• Neural networks are vulnerable. Online platforms run powerful neural networks-based classifiers to flag violent or sexual content for removal. A malicious attacker can circumvent these classifiers by introducing imperceptible perturbations on these images, allowing them to live on the platform! This is called an Adversarial Attack.

## Attacking Neural Networks with Adversarial Examples

### Motivation

In 2013, Szegedy et. al [1]](https://arxiv.org/pdf/1312.6199.pdf) identified that it is possible to create a fake datapoint (image 2, text 3 4, speech 5 or even structured data 6) to fool a classifier. In other words, you can generate a fake image that the neural network classifies as a target class you have chosen, for example a cat.

The generated images might even look real to humans.

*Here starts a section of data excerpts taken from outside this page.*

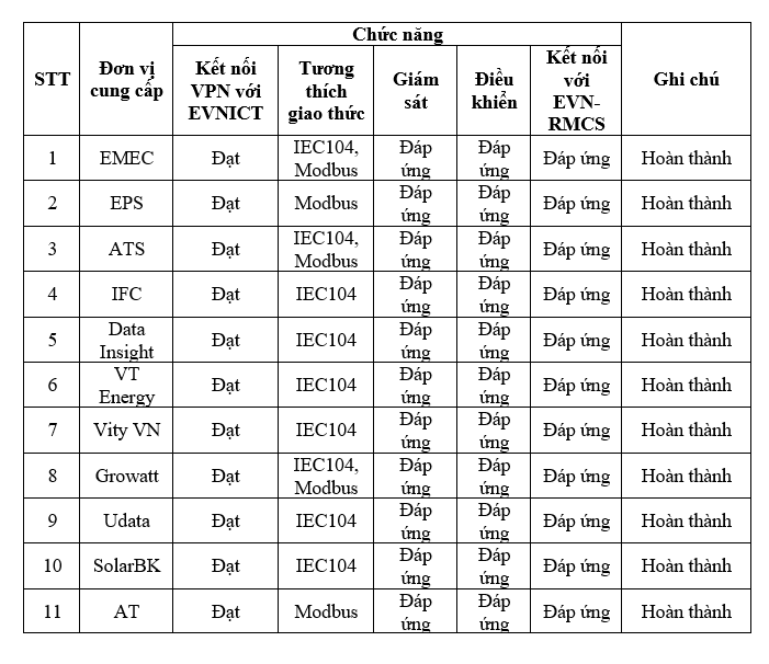 Ngày 25/3, Công ty Viễn thông Điện lực và Công nghệ thông tin (EVNICT) đã báo cáo Tập đoàn Điện lực Việt Nam kết quả thử nghiệm kết nối thiết bị GSĐK ĐMTMN với phần mềm EVN-RMCS. Theo đó có 11/ 14 đơn vị đáp ứng và đạt các chức năng kết nối thiết bị GSĐK ĐMTMN với phần mềm EVN-RMCS.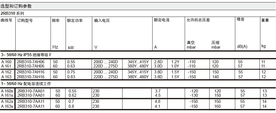 | 吸入压力: | -160 | (mbar) |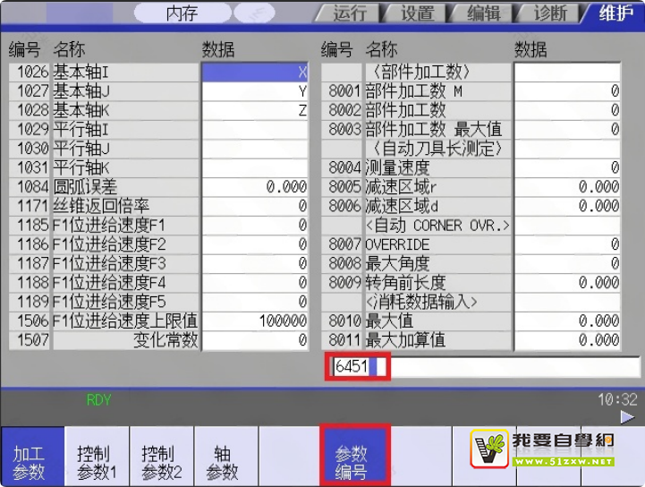 首先在“MAINTE(维护)”画面下输入密码“MPARA”,密码输入完成后,系统打开修改参数权限,再进入到“参数”画面,点击“参数编号”输入“6451”后点击MDI键盘上“INPUT”键,开始搜索参数6451;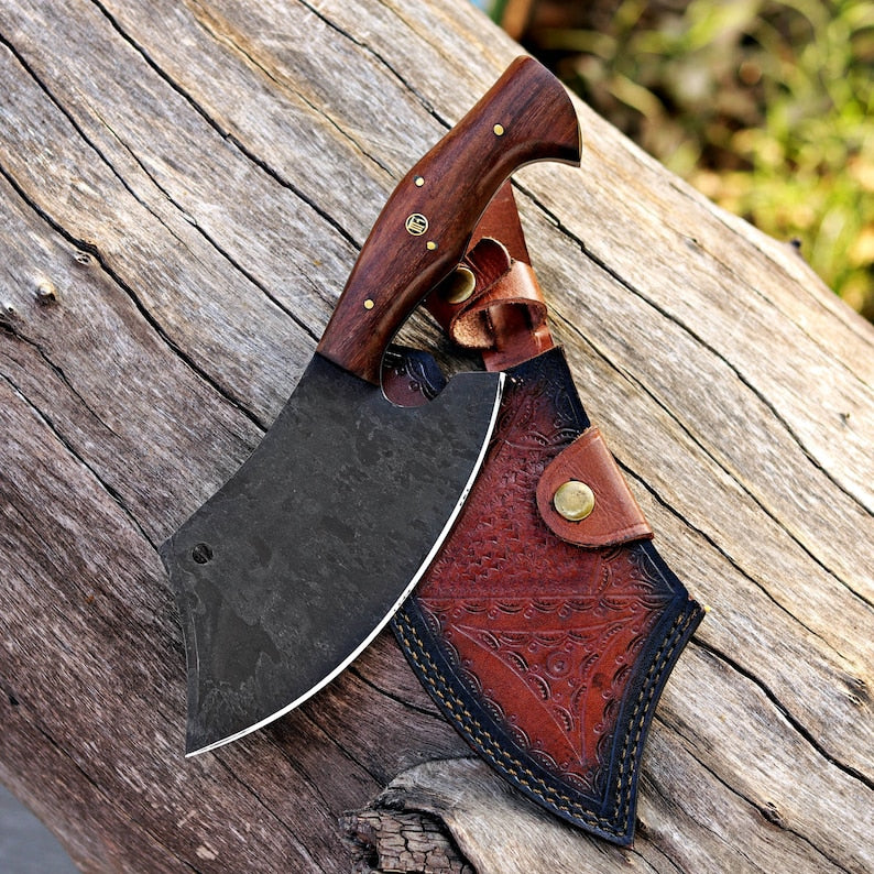 Complete with a premium engraved leather sheath for protection and easy portability, this cleaver makes for an outstanding gift for anniversaries, birthdays, Halloween, and more. Designed for durability and high performance, this cleaver knife is built to last through years of use, becoming a cherished tool in any kitchen or collection.
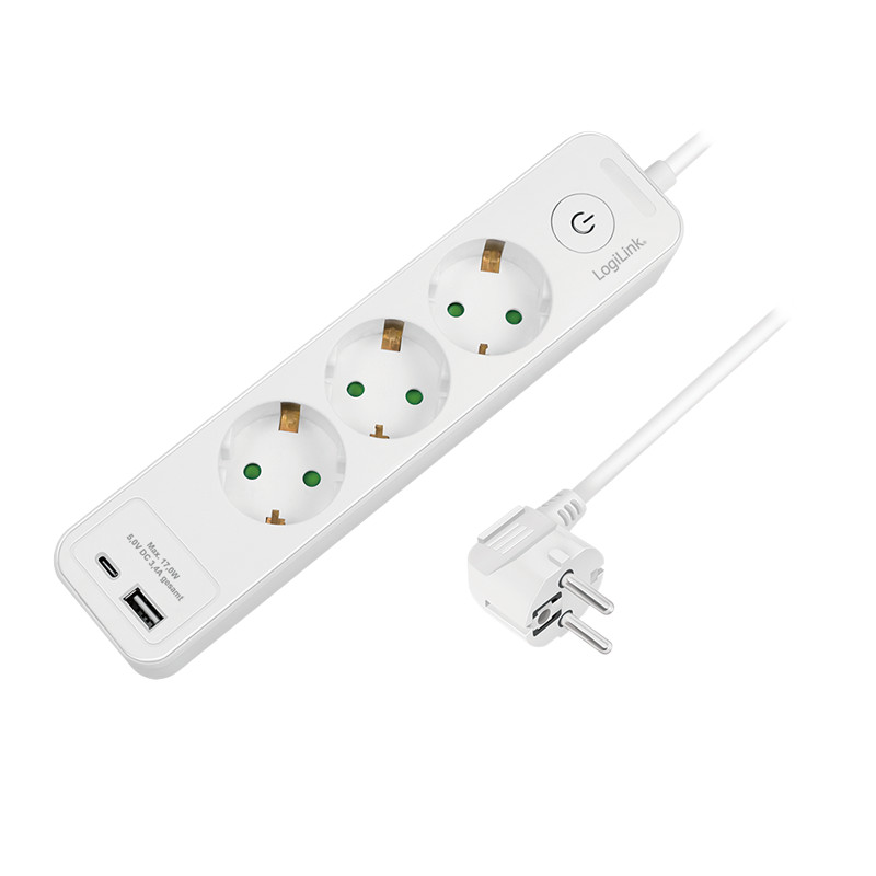 Logilink Aljzat 3 utas + kapcsoló, 3x CEE 7/3, 1x USB-A, 1x USB-C, 1,5 m, fehér (LPS279U)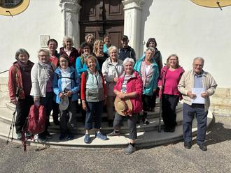 Entdecken, genießen und entspannen am Hahnenkamm das konnten die Teilnehmer*innen bei der meditativen Wandertour des Frauenbundbezirks im westlichen Landkreis Augsburg und Zusamtal. Wie immer wurde umweltbewusst mit dem ÖPNV gefahren. Uwe Steinlein übernahm den Gepäcktransport und unter Leitung der erfahrenen Wanderleiterin Heidi Steinlein wurden drei Tagesetappen begangen. Vom Bahnhof Otting ging es am ersten Tag in die Fuchsien- und Wallfahrtsstadt Wemding, die zum UNESCO Global Geopark Ries gehört und dann weiter zu einem der meistbesuchten Marienwallfahrtsorte Bayerns, der Wallfahrtsbasilika Maria Brünnlein. Der zweite Wandertag führte von Maria Brünnlein auf gut ausgeschilderten Wegen zum Hahnenkammsee. Umgeben von saftigem Grün und sanften Hügeln ist er ein Geheimtipp für Erholungssuchende. Weiter ging es dann zur romantischen Ruine der Katharinenkapelle, die als Wahrzeichen über Hechlingen thront. Von hier aus hatte man einzigartigen Ausblick über die Hügel des Hahnenkamms bis in das Ries. Abwärts ging es dann durch einen der Hechlinger Hohlwege mit 9 m hohen Wänden, über Jahrtausende entstanden im Sandstein des Hahnenkamms und von atemberaubender Schönheit. Der letzte Wandertag führte über den BMW Motorrad Enduro Park, der europaweit als eine der Top-Adressen für Enduro-Begeisterte gilt. Hier gab es einige Erklärungen und man konnte einzelnen Fahrtrainings zusehen. 30 Hektar ist das Areal groß. Begleitend gab es jeden Tag meditative Impulse, Lieder, Gebete und am Abend kulinarische Genüsse. Mit vielen schönen Eindrücken ging es per Zug wieder nach Hause.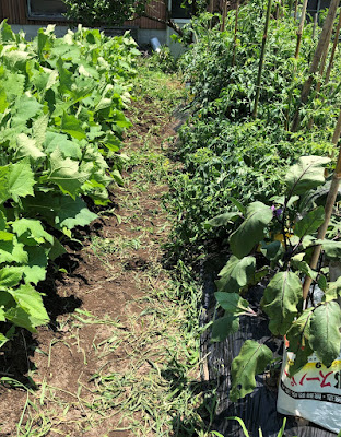 しかし残った芋の苗が元気な雑草にいじめられているのがかわいそうになった。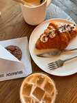 Довольно популярное место. В отзывах часто упоминают круассаны, хвалят их. Что ж, я решила попробовать. Конкретно этот круассан с ветчиной стоит 390 рублей. Честно говоря, не ожидала увидеть такой разворот круассана. Цена явно завышена за полупрозрачный кусочек ветчины, кусок сыра, 2 кружка помидора, каплю соуса (майонеза) и уставший лист салата. Также пробовала круассан с молочным шоколадом. В целом, сочетание вкусное, сам крем отличный, не приторный, похож на нутеллу. Сами круассаны не хрустящие, совсем. Хотя стоит отметить приветливый персонал, девочки лучезарные, приятные.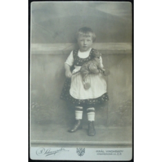 dítě s plyšovou kočkou na kolečkách, formát 10,5x16cm, ateliér Schumpeter, Královské Vinohrady; bezvadné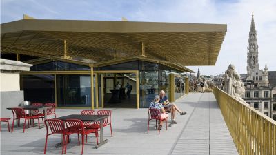 • Tekst: <p>Ce bâtiment, qui abritait la Bourse de Bruxelles, a été conçu par l’architecte Léon-Pierre Suys, et construit entre 1868 et 1873 en style néo-palladien. Il fut modernisé en 1930 par l’architecte François Malfait. Le projet consistait en sa réaffectation en «Belgian Beer World» comprenant également le Centre d’expérience Belge de la Bière, un centre de conférences, une brasserie panoramique sur le toit, un restaurant, une zone commerciale, une zone administrative et de services. </p><p>Les structures métalliques les plus remarquables de ce projet sont le Skybar, les escaliers des entrées latérales et les corbeilles avec occuli permettant une visibilité sur le site archéologique. Le nouveau Skybar en toiture est constituée d’une résille métallique légère supportée par des lames. Celles-ci s’appuient régulièrement sur des colonnes cruciformes traversant la boîte en verre. La hauteur relative de la structure ainsi que la faible prise au vent et à la neige, permettent des grandes portées et des porte-à-faux conséquents. Dans la partie centrale, la toiture vitrée du grand bar est suspendue à l’auvent. Les escaliers des entrées latérales sont composés d’une structure métallique très légère. Les garde-corps constitués de plats très fins supportent l’escalier de manière asymétrique sur un des 2 côtés. </p>
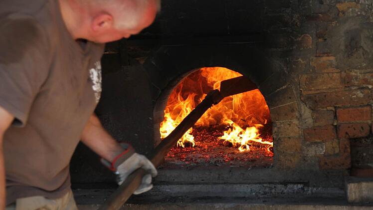Bevor die nächsten Kuchen in den Ofen können, müssen die drei Schürmeister Martin Saffer, Thomas Schwarzmann und Georg Bähr den Ofen erst wieder mit neuen Reisigbündeln aufheizen. Sie haben an diesem Tag den schweißtreibensten Job.

For instance, an impercetible perturbation on a cat image fools a model to classify it as a cat, while the image still looks like a cat to human.

These observations have deep consequences on productization neural networks. Here are some examples to be aware of:

• Autonomous cars use object detectors to localize multiple objects including pedestrians, cars and traffic signs. An imperceptible perturbation of the ‘STOP’ sign image processed by the object detector could a ‘70 miles’ speed limit. This could lead to serious trouble in a real-life setting.
• Face identification systems screen individuals to allow or refuse entrance to a building. A forged image perturbation of an unauthorized person’s face could make this person be authorized.
• Websites run powerful classifiers to detect sexual and violent content online. Imperceptible perturbations of prohibited images could bypass these classifiers and lead to false negative predictions.

We will first present adversarial attacks, then delve into defenses.

#### General procedure

Consider a model pre-trained on ImageNet 7. The following framework is a quick way to forge an example which will be classified as $i$.

1. Pick a sample $x$ and forward propagate it in the model to get prediction $\hat{y}$.
2. Define a loss function that quantifies the distance between $\hat{y}$ and the target class prediction $y_j$. For example: $\mathcal{L}(\hat{y}, y_j) = \frac{1}{2}||\hat{y} - y_i||^2$
3. While keeping the parameters of the neural network frozen, minimize the defined loss function by updating the pixels of $x$ iteratively via gradient descent ($x = x - \alpha \frac{\partial \mathcal{L}}{\partial x}$). You will find $x_{adv}$ that is classified as class $y_i$ with high probability.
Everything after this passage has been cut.